When you want to convert a numeric date-time to text, the first step is always to convert it to a Dyalog day number. After that, you can use 1200⌶
to convert that to text. It takes a left argument which is a format pattern.
'YYYY DD MM hhmm'(1200⌶)1⎕DT⊂2020 08 11 11 32
┌───────────────┐ │2020 11 08 1132│ └───────────────┘
The system in the pattern for 1200⌶
is that numeric parts of the date are uppercase, while parts of the time are lowercase. You can use a single character for a variable-width pattern, or multi-character for a 0-padded pattern.
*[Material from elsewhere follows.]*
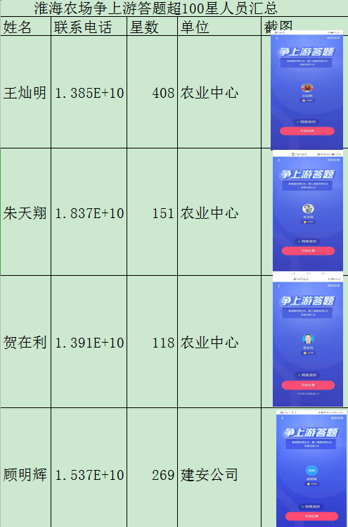 在射陽縣學習強國工作群組織的全縣各黨委學習組織所有“學習強國”學員爭上游答題超100星人員的情況統計中,淮海農場農業中心的王燦明、朱天翔、賀在利等三人和農場建安公司的顧明輝,他們分別在平日的學習強國答題活動中,分別以408、151、118和269顆星入選超百星人員行列,成為淮海農場在學習強國學習活動中新的標桿,促進了廣大黨員同志跟進學習的步伐。圖為申報縣學習強國平臺的學習強國截圖名單。

If instead you want space-padding, use an underscore as the first character:
'YYYY-DD-MM@hh:mm' 'YYYY-D-M@h:m' 'YYYY-_D-_M@_h:_m'(1200⌶)¨1⎕DT⊂2020 8 11 1 3
┌──────────────────┬───────────────┬──────────────────┐ │┌────────────────┐│┌─────────────┐│┌────────────────┐│ ││2020-11-08@01:03│││2020-11-8@1:3│││2020-11- 8@ 1: 3││ │└────────────────┘│└─────────────┘│└────────────────┘│ └──────────────────┴───────────────┴──────────────────┘
t
is for 12-hour. h
is for 24-hour. Furthermore, the format also allows for casing and languages other than English:
'YYYY MMM D "at" h:mm'(1200⌶)1⎕DT⊂2020 8 1 4 30
'YYYY Mmm D' 'YYYY mmm D'(1200⌶)¨1⎕DT⊂2020 8 1
'__fr__YYYY Mmmm D'(1200⌶)1⎕DT⊂2020 8 1
┌──────────────────┐ │2020 AUG 1 at 4:30│ └──────────────────┘
┌────────────┬────────────┐ │┌──────────┐│┌──────────┐│ ││2020 Aug 1│││2020 aug 1││ │└──────────┘│└──────────┘│ └────────────┴────────────┘
┌───────────┐ │2020 Août 1│ └───────────┘
Like ⎕DT
, 1200⌶
has lots of options, including custom languages. Have a look at the documentation.